Nobody should need science to prove the obvious, but plenty of studies do show that regularly eating cheaply produced fast food and processed snack foods slaps on extra pounds that increase the risks of diabetes, cardiovascular harm, joint problems and many cancers. As a country we’re officially over the top: the majority of our food dollars buy those cheap calories, and two-thirds of our citizens are medically compromised by weight. The incidence of obesity-associated diabetes has doubled since 1990, with children the fastest growing class of victims.
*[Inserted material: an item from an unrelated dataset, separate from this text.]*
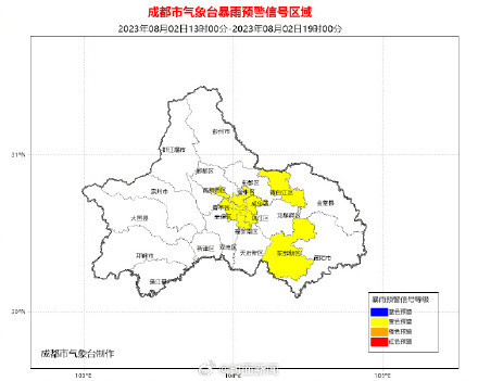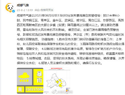 成都市气象台2023年08月02日13时00分发布暴雨黄色预警信号:预计未来6小时,成都市锦江区、青羊区、金牛区、武侯区、成华区、青白江区、东部新区、高新西区和高新南区的大部分乡镇(街道)降雨量将达50毫米以上。请注意防范暴雨、雷电和阵性大风带来的不利影响。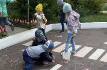 Ахметзянова Марина Михайловна,воспитатель группы#14, провела беседу по ПДД, повторила с детьми правила поведения на улице. Поиграили в игру " Я потерялся!", тем самым закрепили алгоритм действий "если я потерялся", дети закрепили знания о своих ФИО,домашнем адресе, ФИО родителей. Далее детям предложили изобразить все увиденное и услышанное с помощью карандашей.

One out of every $7 we spend on health care pays to assuage (but not cure) the multiple heartbreaks of diabetes — kidney failure, strokes, blindness, amputated limbs.

An embarrassing but arguable point is that we’re applying deadly priorities to our food budgets because we believe the commercials. Industrial agriculture can promote its products on a supersized scale. Eighty percent of the beef-packing industry is controlled by four companies; the consolidation is exactly the same for soybean processing. With such vast corporate budgets weighing in on the side of beef and added fats, it’s no surprise that billions of dollars a year go into advertising fast food. The surprise is how handsomely marketers recoup that investment: how successfully they convince us that cheap food will make us happy, and maybe even thin.